§ WHAT YOU WILL DO:
Begin at the line below that has "easy to move". Stop after the line that has "Bemerkungen: Gelaufen mit", repeating each line exactly and leaving out the pictures.

§ INPUT DATA:

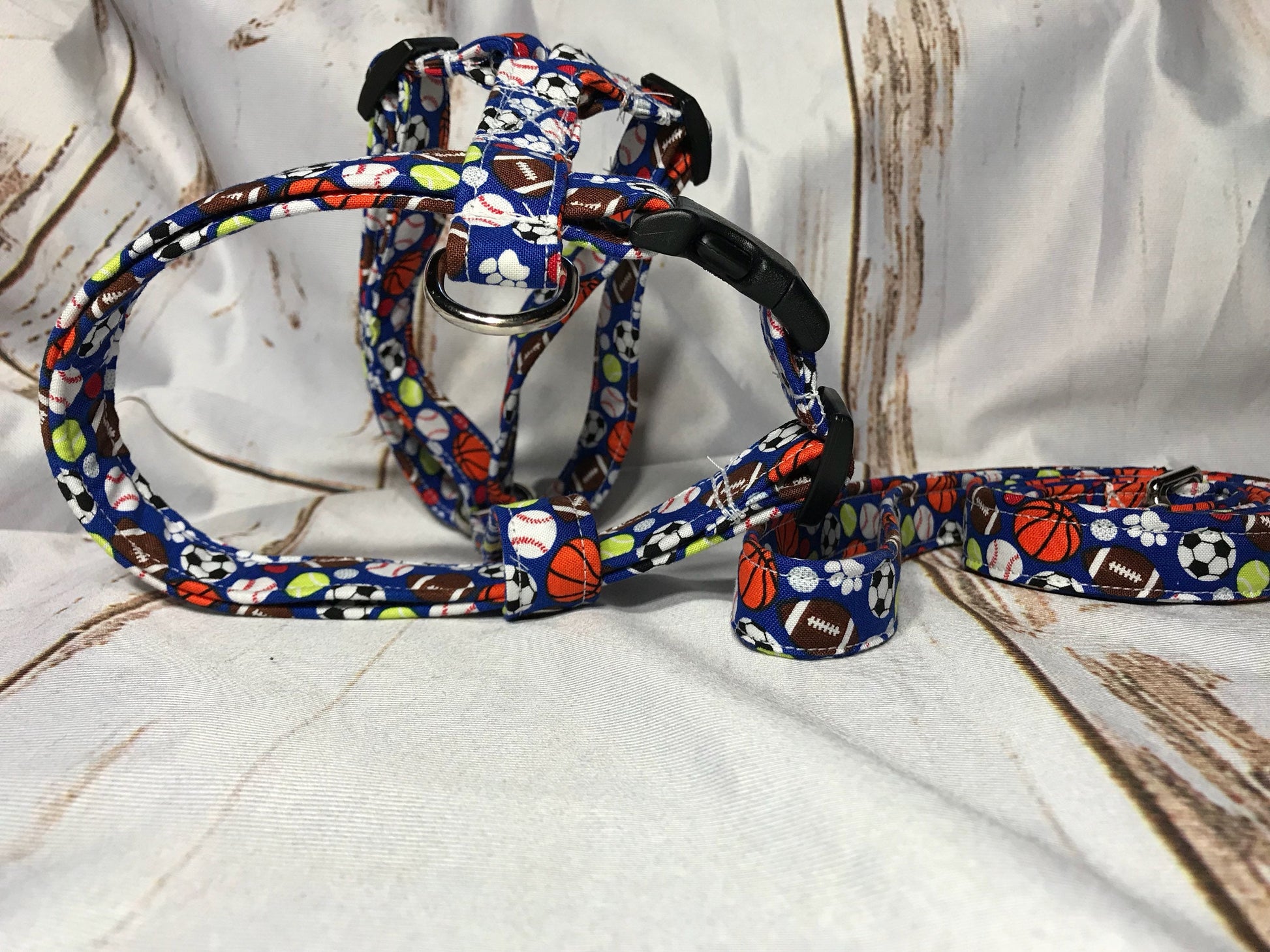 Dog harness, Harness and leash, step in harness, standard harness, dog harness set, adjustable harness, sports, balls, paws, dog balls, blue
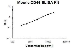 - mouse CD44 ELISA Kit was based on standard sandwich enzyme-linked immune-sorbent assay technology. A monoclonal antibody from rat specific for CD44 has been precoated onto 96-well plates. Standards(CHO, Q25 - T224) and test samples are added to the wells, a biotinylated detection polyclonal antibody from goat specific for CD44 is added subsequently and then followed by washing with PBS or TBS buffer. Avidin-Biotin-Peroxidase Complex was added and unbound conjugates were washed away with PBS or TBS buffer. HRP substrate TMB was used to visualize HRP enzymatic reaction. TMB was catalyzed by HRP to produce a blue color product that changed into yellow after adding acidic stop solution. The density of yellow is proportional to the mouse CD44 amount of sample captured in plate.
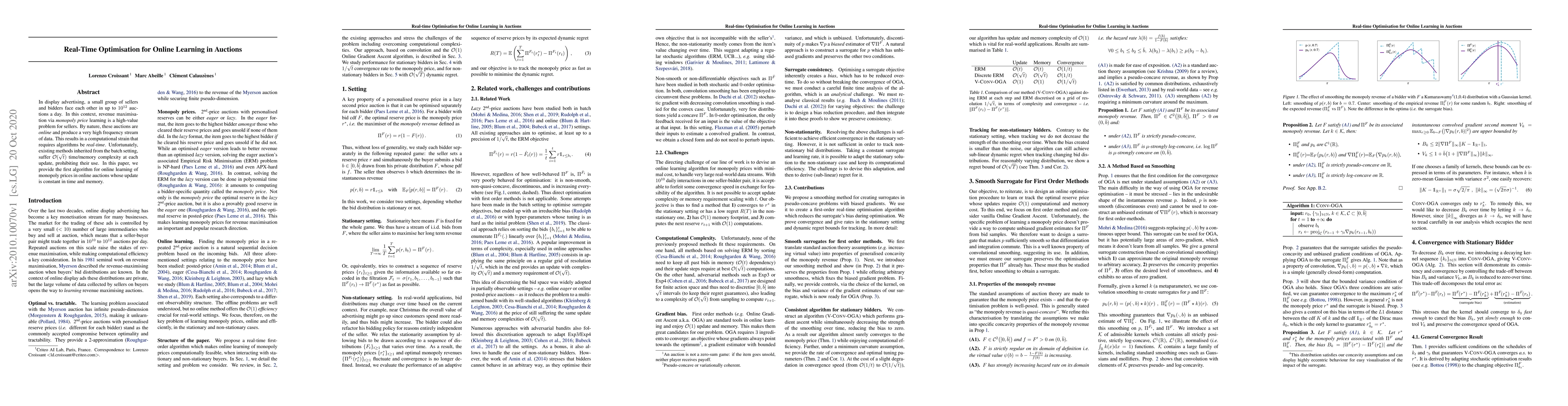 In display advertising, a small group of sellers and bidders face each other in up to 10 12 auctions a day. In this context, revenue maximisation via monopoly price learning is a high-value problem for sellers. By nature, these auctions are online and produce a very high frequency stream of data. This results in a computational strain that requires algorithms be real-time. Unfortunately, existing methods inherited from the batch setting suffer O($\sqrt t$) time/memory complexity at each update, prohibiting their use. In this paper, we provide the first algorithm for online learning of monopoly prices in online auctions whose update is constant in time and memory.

---

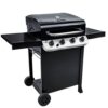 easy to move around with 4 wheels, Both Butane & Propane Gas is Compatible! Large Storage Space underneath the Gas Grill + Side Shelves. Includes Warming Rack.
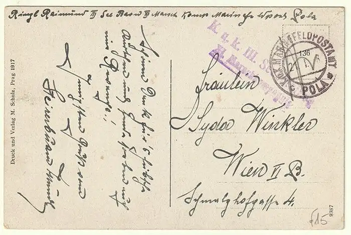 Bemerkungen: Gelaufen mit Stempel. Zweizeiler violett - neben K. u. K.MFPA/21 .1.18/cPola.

§ ANSWER TO THE EXERCISE:
 easy to move around with 4 wheels, Both Butane & Propane Gas is Compatible! Large Storage Space underneath the Gas Grill + Side Shelves. Includes Warming Rack.
 Bemerkungen: Gelaufen mit Stempel. Zweizeiler violett - neben K. u. K.MFPA/21 .1.18/cPola.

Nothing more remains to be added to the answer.